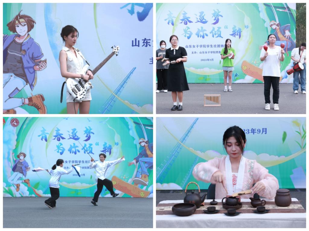 活动现场气氛热闹,人头攒动。各社团结合自身特色,通过展板宣传、互动体验、才艺表演、成果展出、趣味闯关等多种形式,展现了精彩纷呈、各具魅力的社团风采。明镜台汉服社、棣棠国学社、大学生茶道艺术团、灵熙旗袍社团、传统文化学会的社团成员们身着中式服装出场,襦裙霓裳,曲裾轻舞,让人对中华优秀传统文化的传承心向往之;青年志愿者协会展位前,通过开展校内外志愿服务获得的累累硕果,吸引了一大批学生的关注;梅花桩武术协会带来一场精彩的视觉盛宴,散打、刀、枪、剑和棍的表演让学生们目不转睛;吉他社“入??诶侄印钡翘料嘁徽垢韬?。各学生社团精心筹备、各展所长,让同学们“沉浸式”“互动式”的近距离感受了一场女院第二课堂文化活动的盛宴,立体化展示出学校青年学生的多彩文化生活和向上青春风采,也为新同学的自我发展和综合素质提升提供了平台。
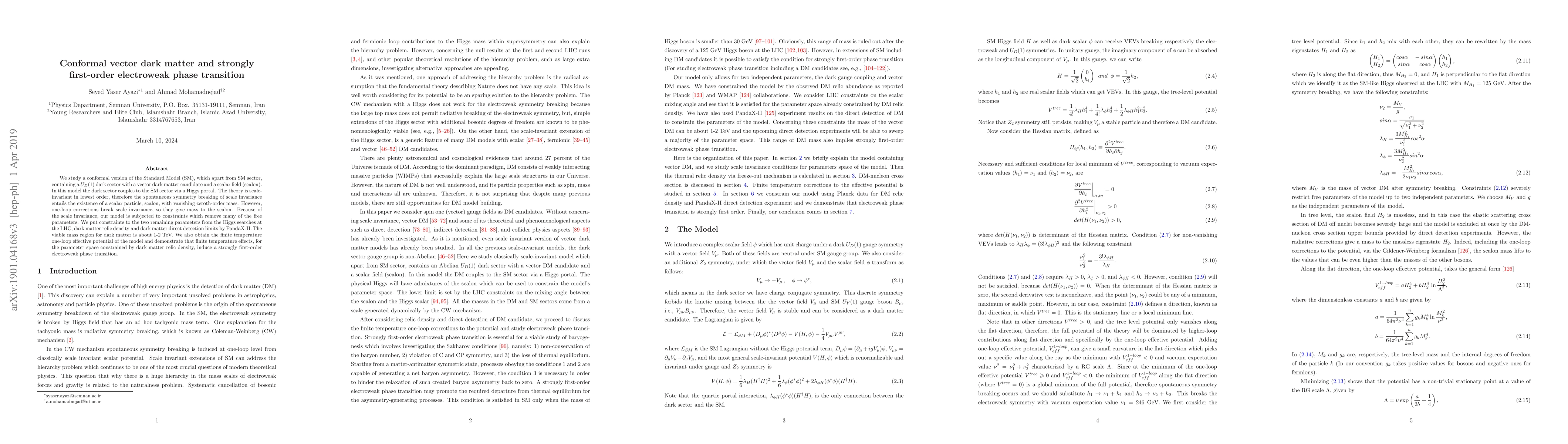 This paper explores a conformal version of the Standard Model with a $U_D(1)$ dark sector and a vector dark matter candidate, constrained by LHC Higgs searches and dark matter limits. It finds a strongly first-order electroweak phase transition at finite temperatures due to one-loop corrections breaking scale invariance.
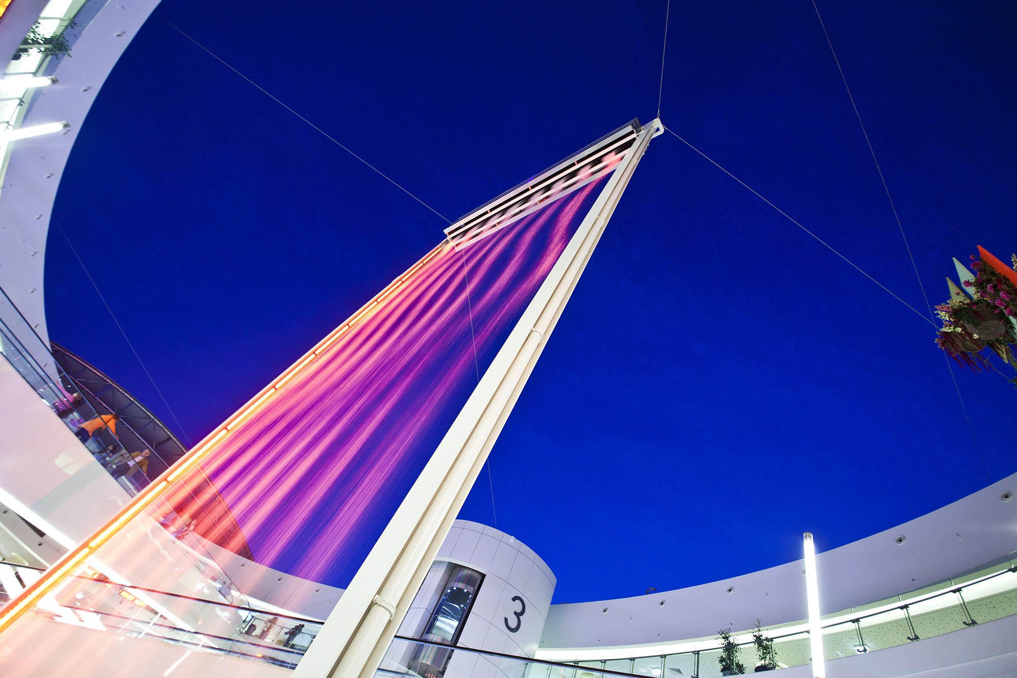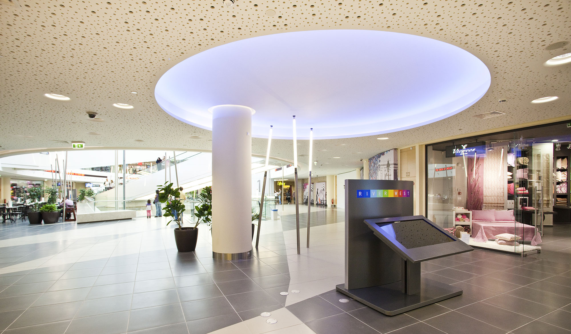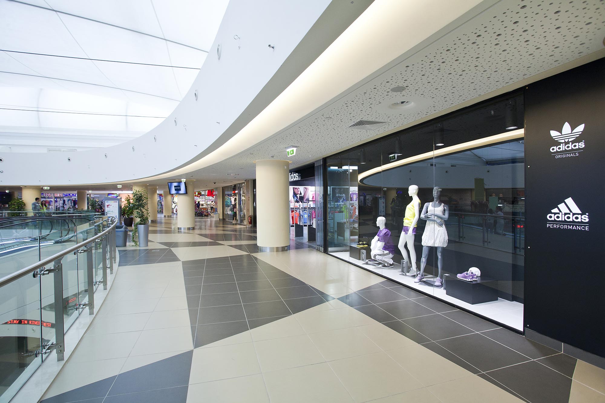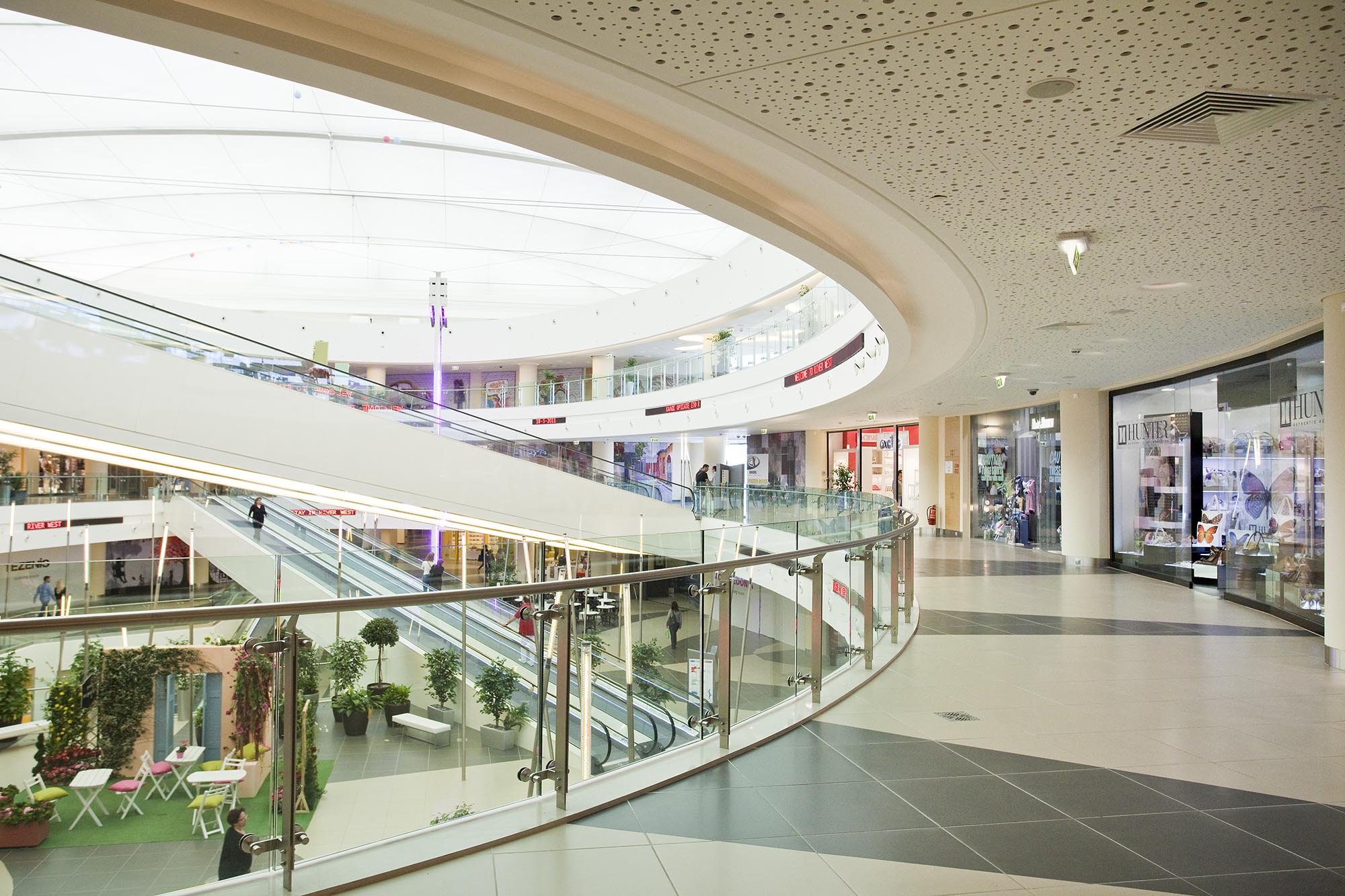 This building is part of a complex which also includes a department store and a common underground parking station. The main area of commercial stores has a rectangular plan and develops on three levels around an internal, depressed atrium of elliptical shape.

## [ACTIVITY]
Exactly as written, reproduce the lines from the beginning of the material through the line with "This paper explores", and skip any picture.

## [RESPONSE AREA]
 活动现场气氛热闹,人头攒动。各社团结合自身特色,通过展板宣传、互动体验、才艺表演、成果展出、趣味闯关等多种形式,展现了精彩纷呈、各具魅力的社团风采。明镜台汉服社、棣棠国学社、大学生茶道艺术团、灵熙旗袍社团、传统文化学会的社团成员们身着中式服装出场,襦裙霓裳,曲裾轻舞,让人对中华优秀传统文化的传承心向往之;青年志愿者协会展位前,通过开展校内外志愿服务获得的累累硕果,吸引了一大批学生的关注;梅花桩武术协会带来一场精彩的视觉盛宴,散打、刀、枪、剑和棍的表演让学生们目不转睛;吉他社“入??诶侄印钡翘料嘁徽垢韬?。各学生社团精心筹备、各展所长,让同学们“沉浸式”“互动式”的近距离感受了一场女院第二课堂文化活动的盛宴,立体化展示出学校青年学生的多彩文化生活和向上青春风采,也为新同学的自我发展和综合素质提升提供了平台。
 This paper explores a conformal version of the Standard Model with a $U_D(1)$ dark sector and a vector dark matter candidate, constrained by LHC Higgs searches and dark matter limits. It finds a strongly first-order electroweak phase transition at finite temperatures due to one-loop corrections breaking scale invariance.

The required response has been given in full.